This is the weight within a year; it includes both the length of the workweek and seasonal adjustment. This weight may be used for the analysis of one particular year of interviews.


The composite weight (PWTYCRD) is used for almost all NAWS analysis. This weight allows merging several years of analysis together. It is included in the public access dataset.


3. Statistical Reliability


a) Maximizing Response Rates


The NAWS response rate is the product of the employer response rate and the worker response rate. In FY 2014, NAWS interviewers attempted to contact 5,568 agricultural employers, of which 22 percent were eligible to participate in the survey, 35 percent were ineligible, and 43 percent could not be contacted and screened. A large number of potentially eligible employers have undetermined eligibility despite multiple contacts. The likelihood that an employer on the sampling list is eligible varies considerably. Many issues are responsible for the problems contacting and screening an employer. First, there is a lag in receiving employer information from BLS, so some information is out-of-date. Other sources of employer information vary in terms of completeness and the degree to which the list is vetted. At the same time, agricultural operations are not static and changes to crops, technology, or labor practices may affect the employment and timing of agricultural workers, and thus the establishment’s eligibility to participate in the survey. Also, there are businesses that are bought and sold, as well as those that start up, liquidate, or cease production. Even employers that have agricultural workers may not be eligible at all times of the year since agriculture is a seasonal industry and workers may only be needed for tasks at certain times of the year. Interviewers code the reasons for inability to screen as well as reasons for ineligibility for each selected grower.

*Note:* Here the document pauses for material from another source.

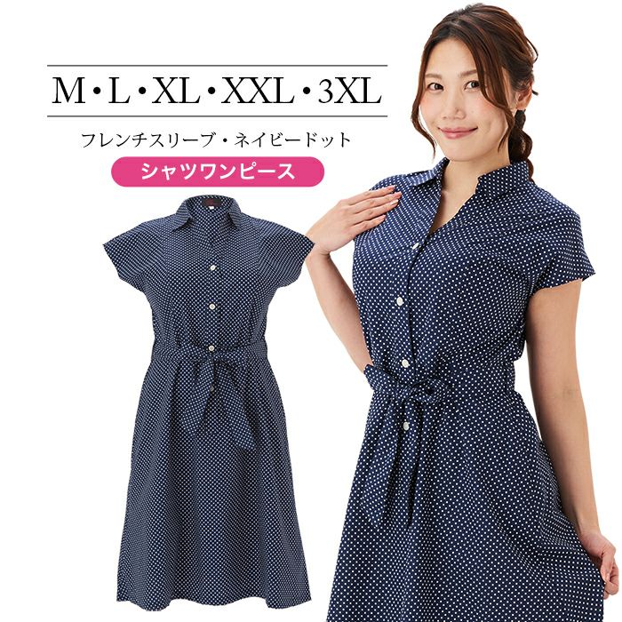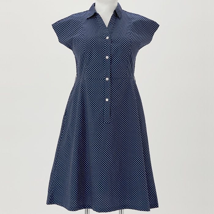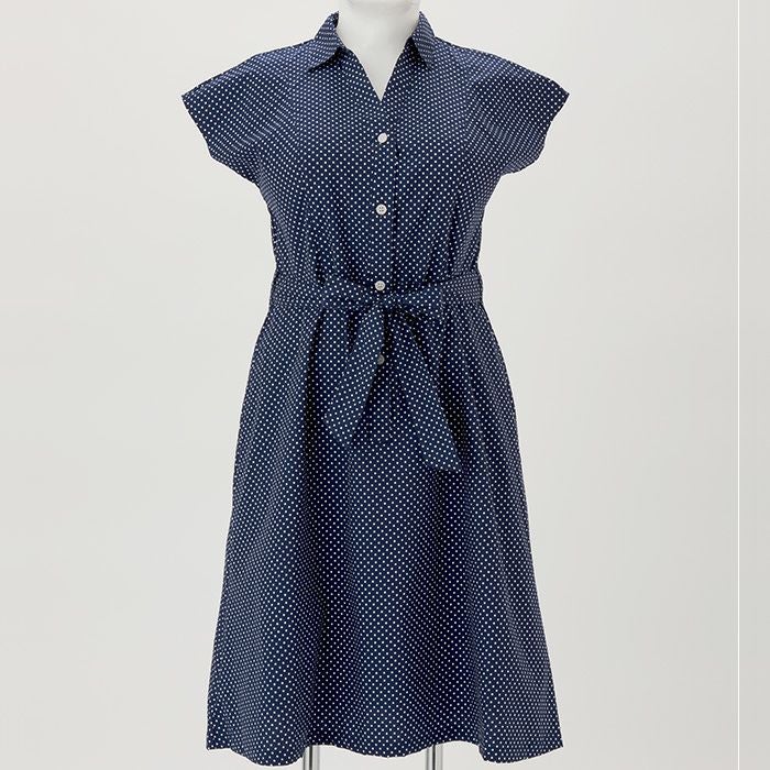シャツワンピース フレンチスリーブ・ネイビードット(SP-515)

In FY 2014, 54 percent of the randomly selected eligible employers (or their surrogates) who employed workers on the day they were contacted agreed to cooperate with the survey, and interviews were conducted at 48 percent of these eligible establishments. Taking into account employers for whom eligibility could not be determined, the employer response rate in FY 2014 was 27 percent using the unweighted response rate (URR) formula from the OMB Standards and Guidelines for Statistical Surveys (2006). 


Once interviewers have the employers’ agreement to cooperate with the survey, a random sample of workers is selected. In FY 2014, 96 percent of the sampled workers at eligible establishments agreed to be interviewed. The overall response rate, including employer and worker response, was 26 percent.

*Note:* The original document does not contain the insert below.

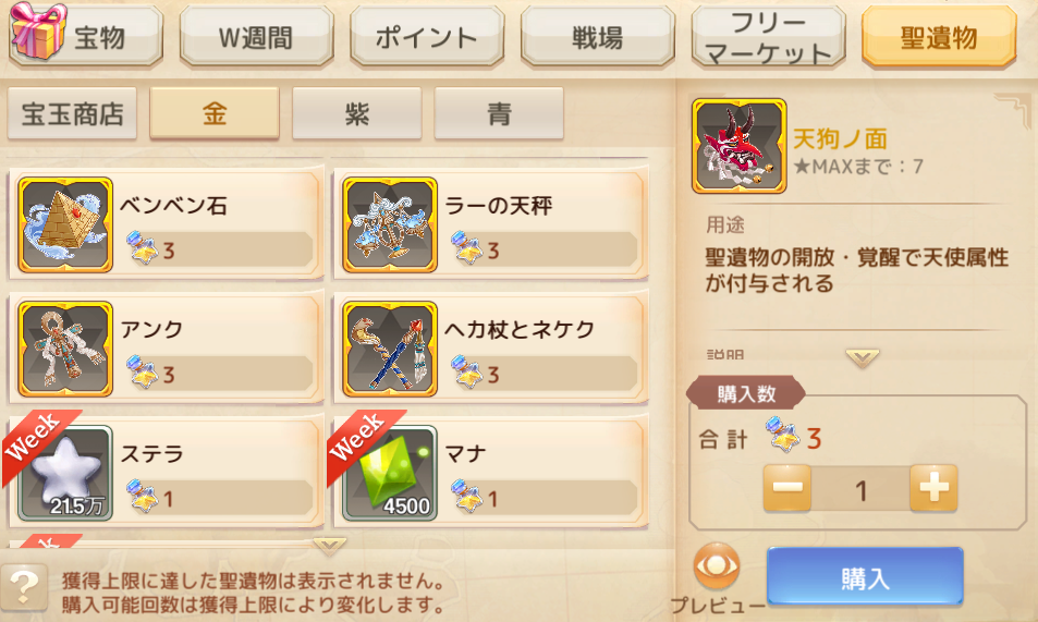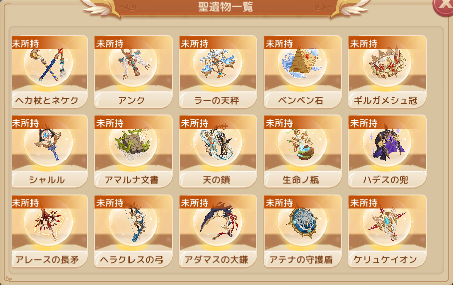 実際のラインナップおよび登場の有無は、各サーバーの開設日数に基づいて個別に設定されます。ご希望の聖遺物が登場しているか、更新日にてゲーム内にてご確認ください。

Previous NAWS data shows that item response rates are high. Item response rates are lowest for the three income questions. Using 2011-2012 data, family income has the lowest response rate at 92.7 percent. Non-response includes 0.6 percent that are missing, 4.1 percent who do not recall their income and 2.6 percent who had no income in the year in question, for a total of 7.3 percent of unusable responses.


The NAWS is expected to have similar unit and item response rates for FY 2016.


Employer Response


To maximize employer response, the NAWS contractor will send an advance letter to agricultural employers and provide them with a brochure explaining the survey. The letter will be signed by the survey director and will include the names of the interviewers and their contact information. For further information or questions, the letter and brochure will direct employers to contact either the survey contractor at a toll free number, or the Department of Labor’s (DOL) Contracting Officer’s Technical Representative (COTR). Employer calls will be returned quickly. In addition, the NAWS contractor will provide the COTR a list of scheduled interview trips. The list will include the counties and states where interviews will be conducted, the names of the interviewers who will be visiting the selected counties, and the dates the interviewers will be in the selected counties. The COTR will refer to the list whenever an employer calls to confirm the interviewers’ association with the survey.


Both DOL and the contractor will make presentations on the survey and will provide survey information (e.g., questionnaires) to officials and organizations that work with agricultural employers. The NAWS has received the endorsement of several employer organizations. This improves the response rate since agricultural employers sometimes call their employer organization when considering survey participation.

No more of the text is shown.